### Work instruction
Wherever an image appears in the data, omit it and copy all the remaining text word for word.

### Data for this task
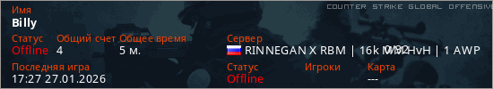 Играет на Counter Strike Global Offensive сервере. Страна: РоссияПервый раз замечен 17:16 27.01.2026
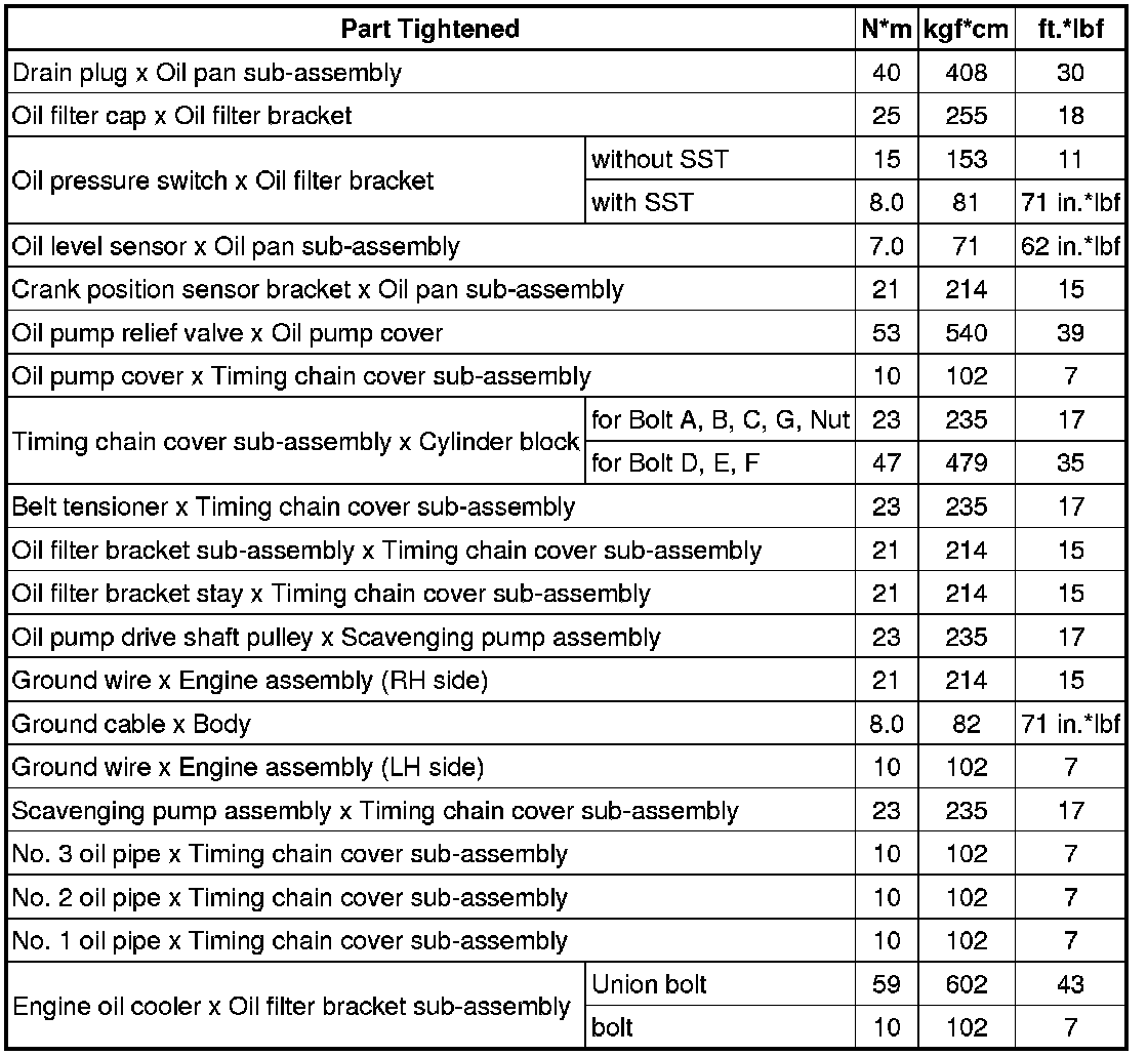 SPECIFICATIONS: 2UR-GSE LUBRICATION: TORQUE SPECIFICATIONS
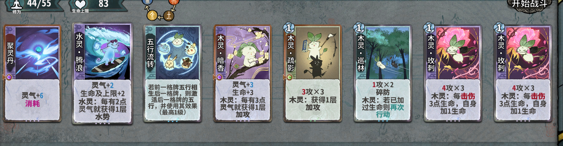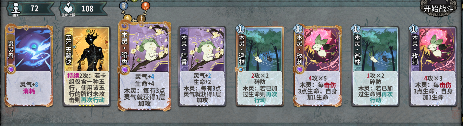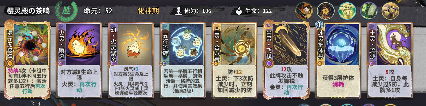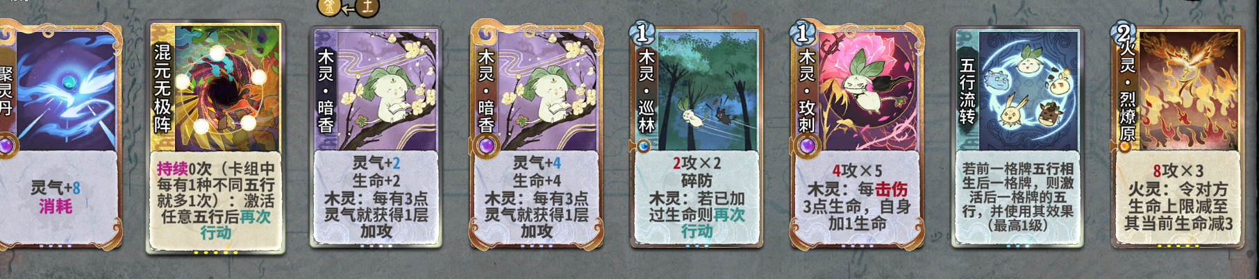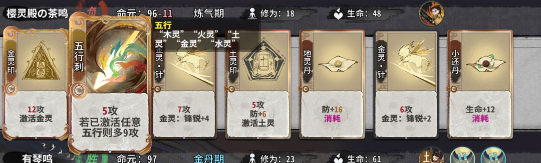 五行流转是必留,无论是元婴期玩什么卡组过度,还是最后成行都是极为关键的卡。
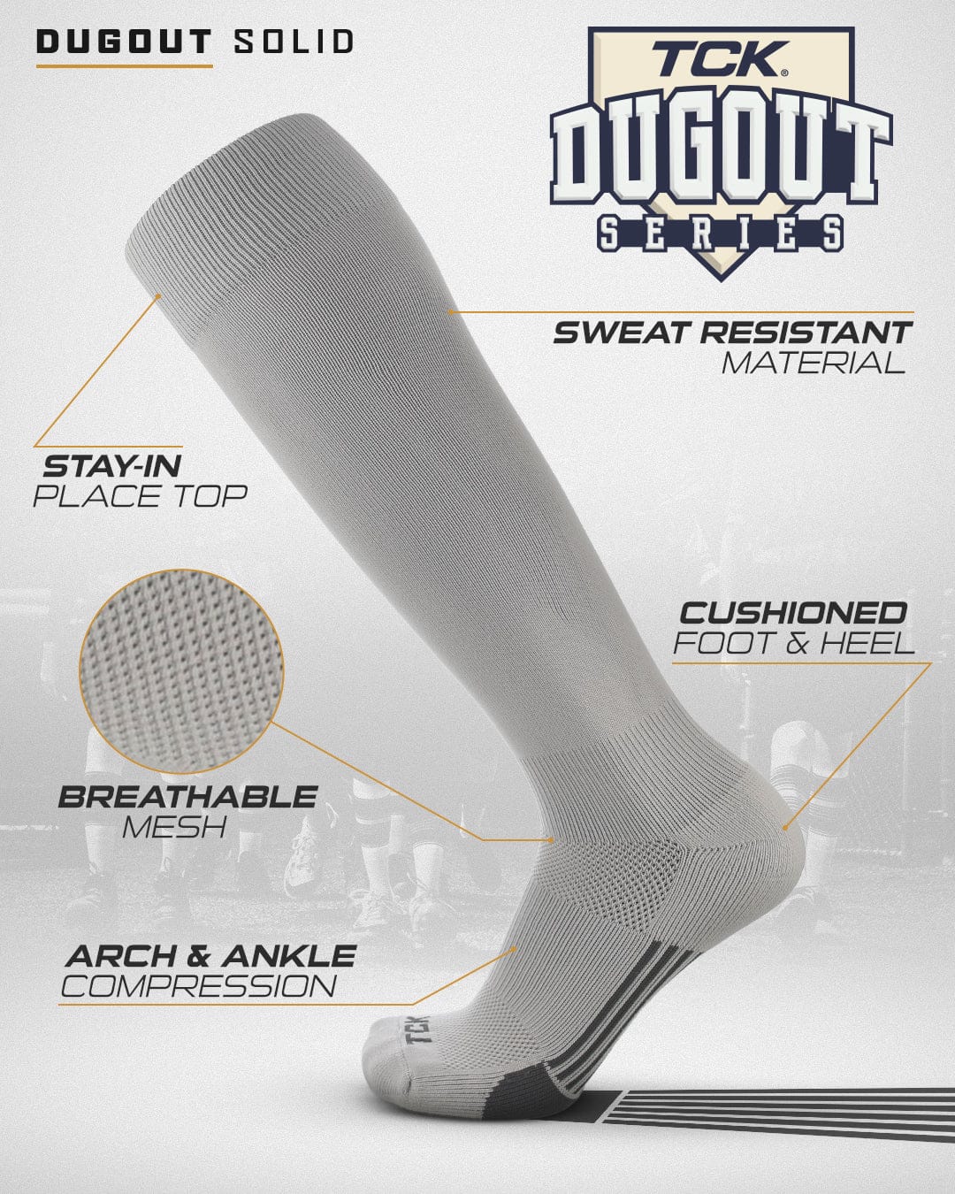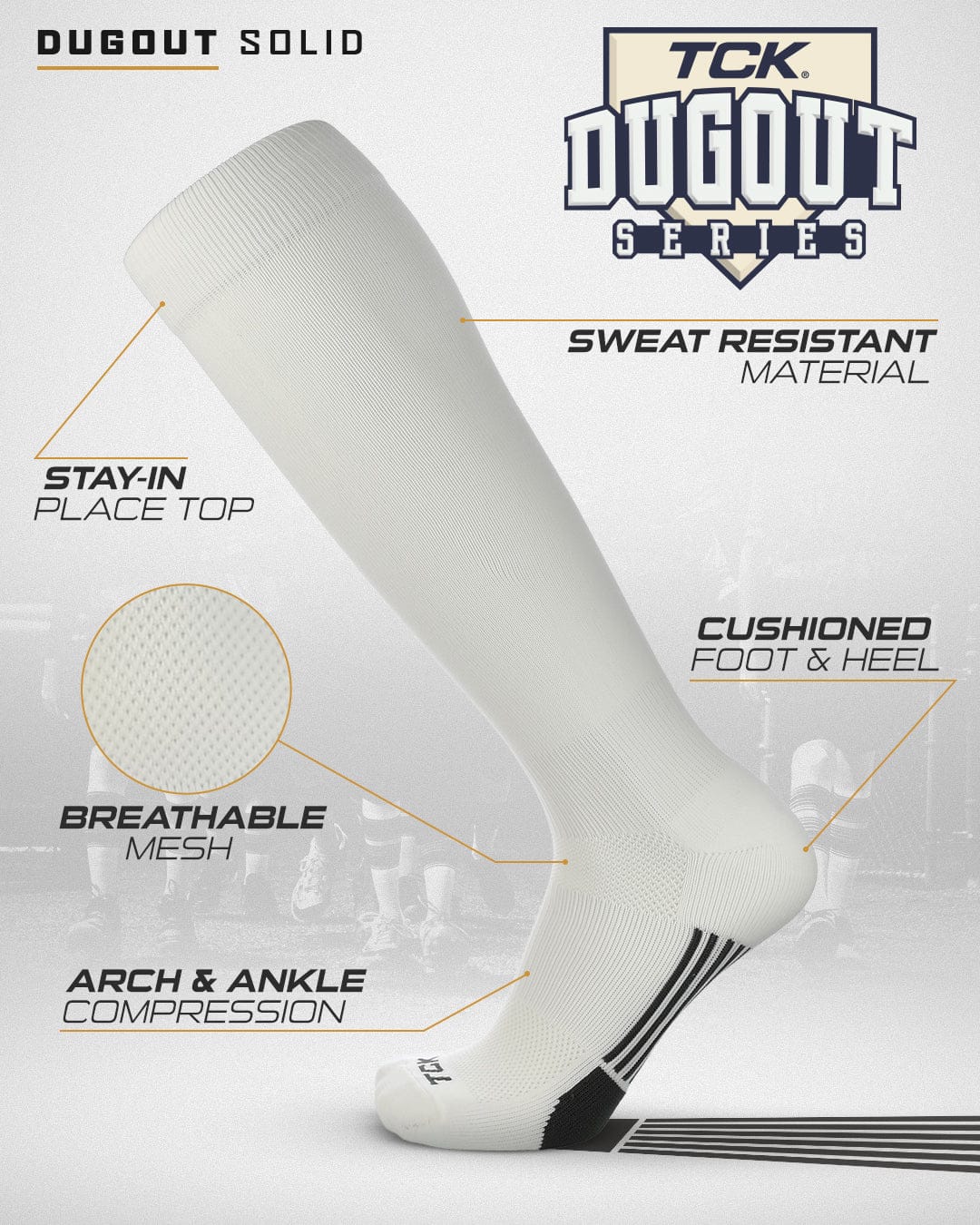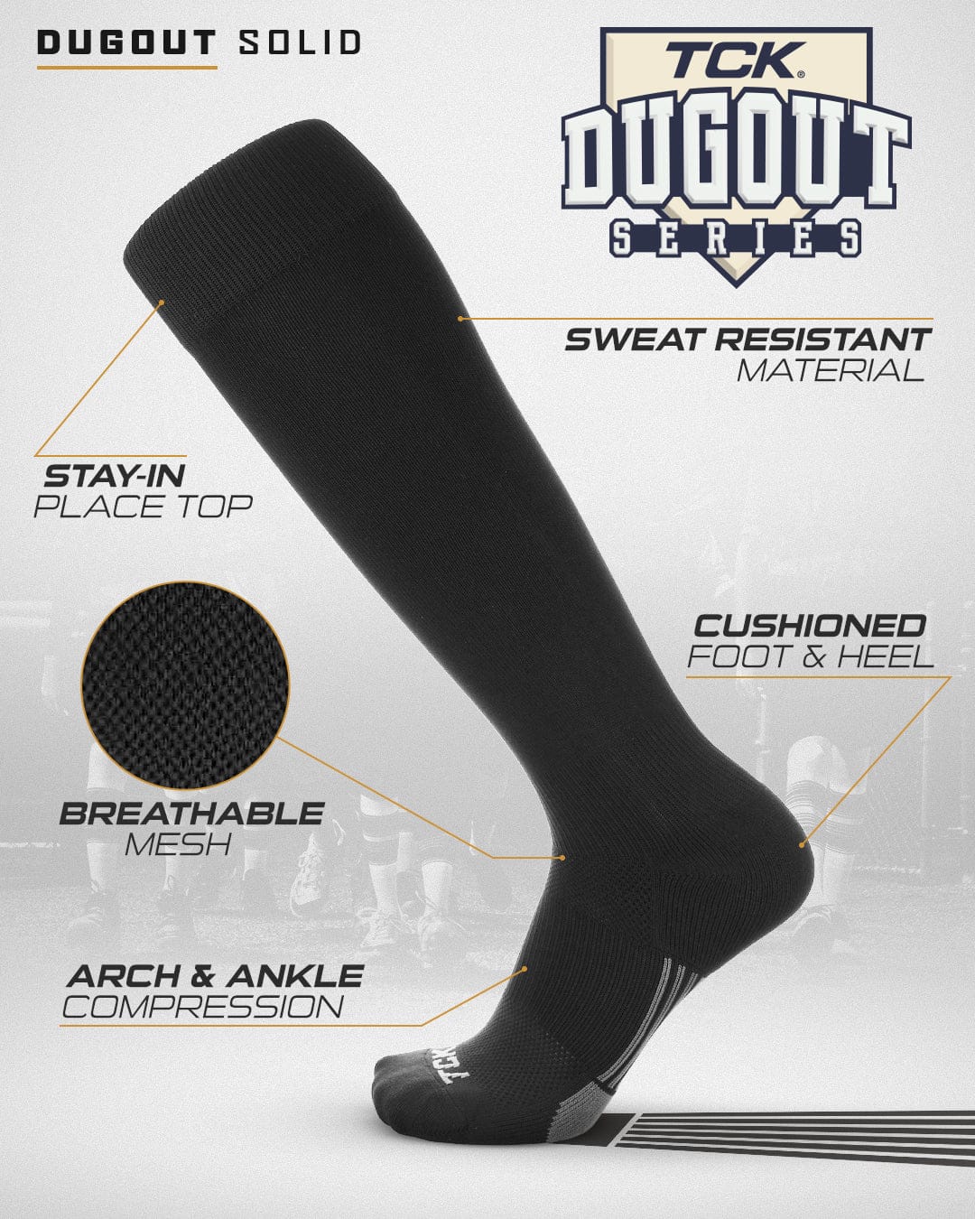 TCK Sports Dugout Series Baseball Softball Socks is a performance knee high baseball sock in solid colors. High performance, moisture wicking, blister control, arch and ankle compression, double welt top to keep sock secure, smooth toe seam, season long durability, ergonomic cushioning, athletic over the calf socks for all baseball, softball, fastpitch, team sports and elite athletes. Made in USA.
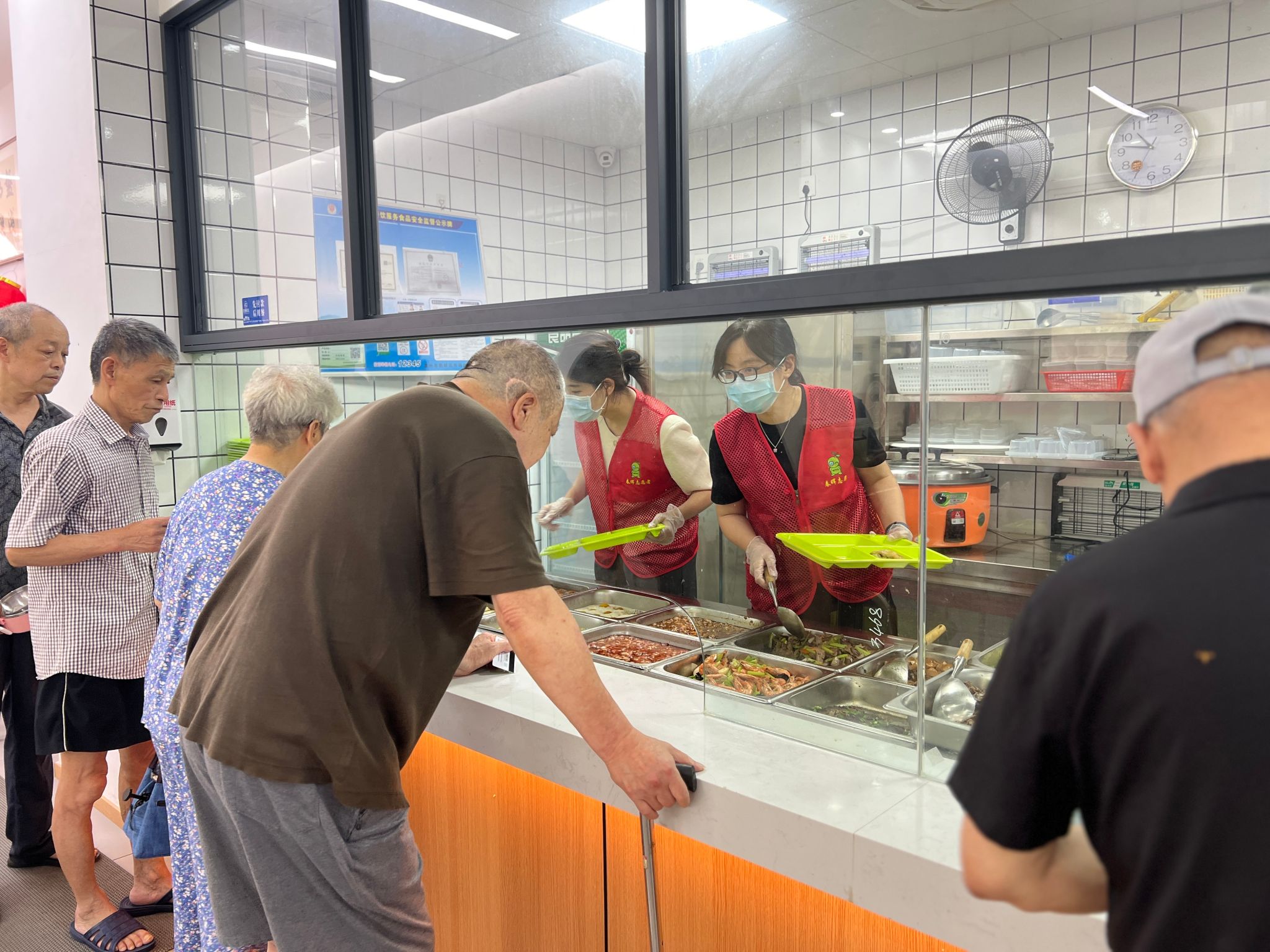 党员教师们身穿红色马甲,精神饱满地投入到各项工作中。他们有的协助老人点餐,耐心询问老人的口味偏好;有的负责引导老人入座,细心关照他们的身体状况;还有的在厨房与餐桌间穿梭,确保每一份饭菜都能准时送达居民手中。

### Task response
 Играет на Counter Strike Global Offensive сервере. Страна: РоссияПервый раз замечен 17:16 27.01.2026
 SPECIFICATIONS: 2UR-GSE LUBRICATION: TORQUE SPECIFICATIONS
 五行流转是必留,无论是元婴期玩什么卡组过度,还是最后成行都是极为关键的卡。
 TCK Sports Dugout Series Baseball Softball Socks is a performance knee high baseball sock in solid colors. High performance, moisture wicking, blister control, arch and ankle compression, double welt top to keep sock secure, smooth toe seam, season long durability, ergonomic cushioning, athletic over the calf socks for all baseball, softball, fastpitch, team sports and elite athletes. Made in USA.
 党员教师们身穿红色马甲,精神饱满地投入到各项工作中。他们有的协助老人点餐,耐心询问老人的口味偏好;有的负责引导老人入座,细心关照他们的身体状况;还有的在厨房与餐桌间穿梭,确保每一份饭菜都能准时送达居民手中。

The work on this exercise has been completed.